ASSIGNED TASK | Only the lines from the one containing "2023年2月22日,中國援" through the end of the listing are to be repeated, exactly and without pictures.

DATA EXTRACT |
>>>
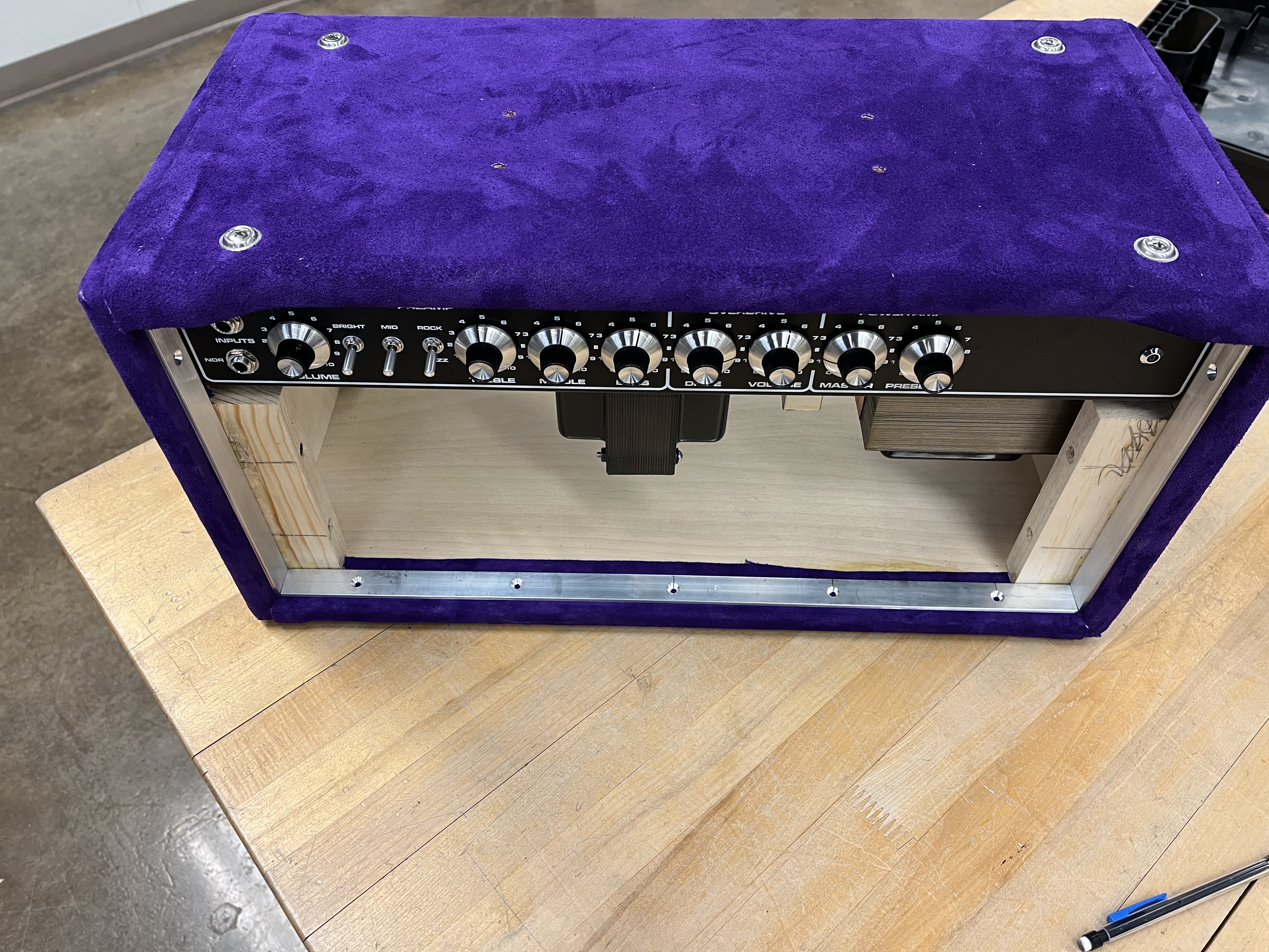 When you prepare the top aluminium bar (screwed to the top of the baffle plate) take account of the extra width you will get when you screw the vertical pieces in the sides of the cab. Even tolex has a little "give" and this suede type of covering will have even more. You might find you need an extra millimeter or so to make it full width. The vertical and the top (baffle) bar are easy to align when your chassis is fixed and screwed in position. Just sit them right up against the face plate and fix. You do the vertical pieces first, then the bottom against those, then the top with the baffle plate screwed in first as well. Go slow. :D
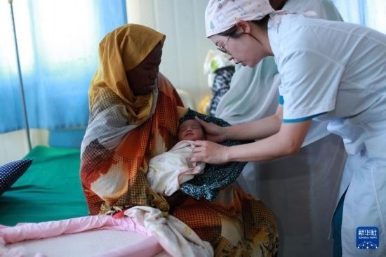2023年2月22日,中國援蘇丹醫(yī)療隊婦產(chǎn)科醫(yī)生劉韡在蘇丹阿布?xì)W舍醫(yī)院的病房為一名新生兒做檢查。新華社發(fā)(中國援蘇丹醫(yī)療隊供圖)
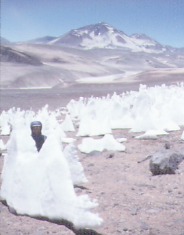 I should clarify that these day hikes were anything but exciting. The peaks were all 18k and higher, out of range for the kind of conditioning we were after. We just walked over sand and talus until the altimeter said to turn around. Ugh. This year, definitely due to El Nino, there were penitentes (spikes of melted ice up to 2 meters high) as low as 15k. These could have provided good drinking water, but we just used them as backdrops for pictures.
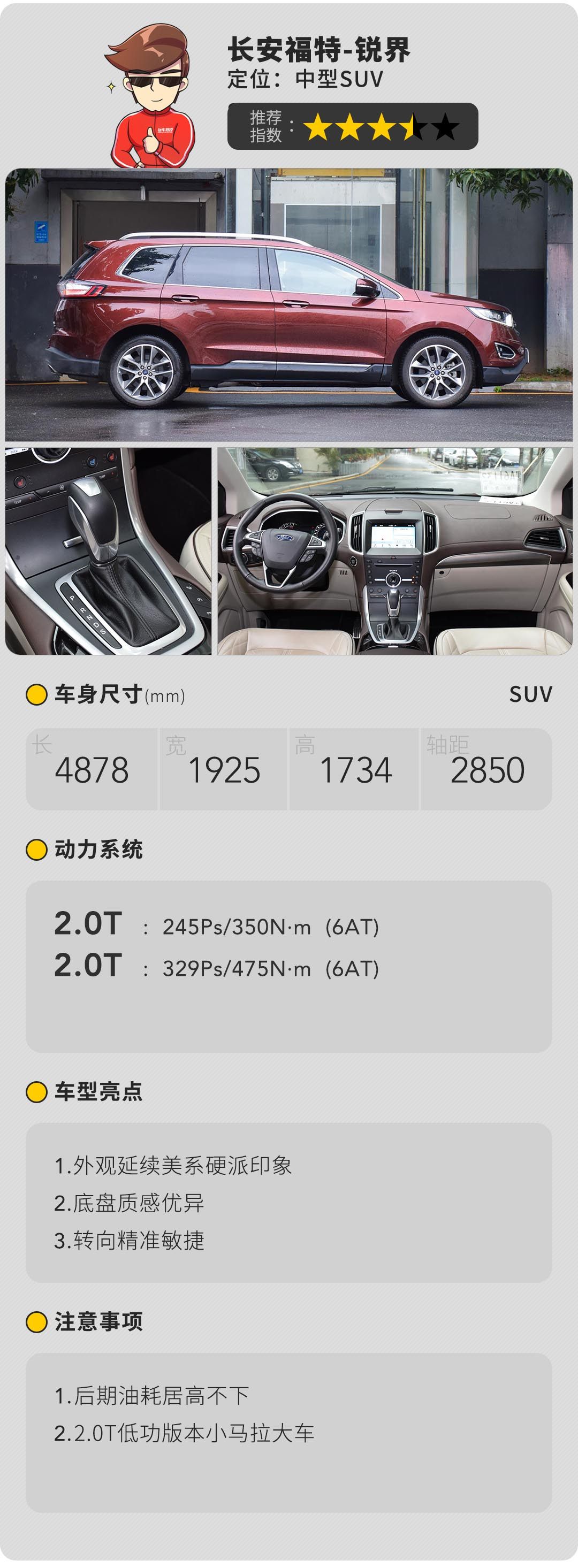 汉兰达长期受制于发动机产能不足的影响,赋予了锐界充足的生长空间。雄壮威猛的外观造型,确认过眼神,是美系肌肉的感觉。深厚的动力储备、紧绷且扎实的底盘质感,恰当好处的侧倾抑制,谁说7座SUV不能谈运动?鉴于福特在内部空间利用上的短板,锐界庞大的车身尺寸却无法很好转化至实际的乘坐空间上,其次感人的油耗是钱包的最大杀手。
<<<
RESPONSE TO THE TASK |
2023年2月22日,中國援蘇丹醫(yī)療隊婦產(chǎn)科醫(yī)生劉韡在蘇丹阿布?xì)W舍醫(yī)院的病房為一名新生兒做檢查。新華社發(fā)(中國援蘇丹醫(yī)療隊供圖)
 I should clarify that these day hikes were anything but exciting. The peaks were all 18k and higher, out of range for the kind of conditioning we were after. We just walked over sand and talus until the altimeter said to turn around. Ugh. This year, definitely due to El Nino, there were penitentes (spikes of melted ice up to 2 meters high) as low as 15k. These could have provided good drinking water, but we just used them as backdrops for pictures.
 汉兰达长期受制于发动机产能不足的影响,赋予了锐界充足的生长空间。雄壮威猛的外观造型,确认过眼神,是美系肌肉的感觉。深厚的动力储备、紧绷且扎实的底盘质感,恰当好处的侧倾抑制,谁说7座SUV不能谈运动?鉴于福特在内部空间利用上的短板,锐界庞大的车身尺寸却无法很好转化至实际的乘坐空间上,其次感人的油耗是钱包的最大杀手。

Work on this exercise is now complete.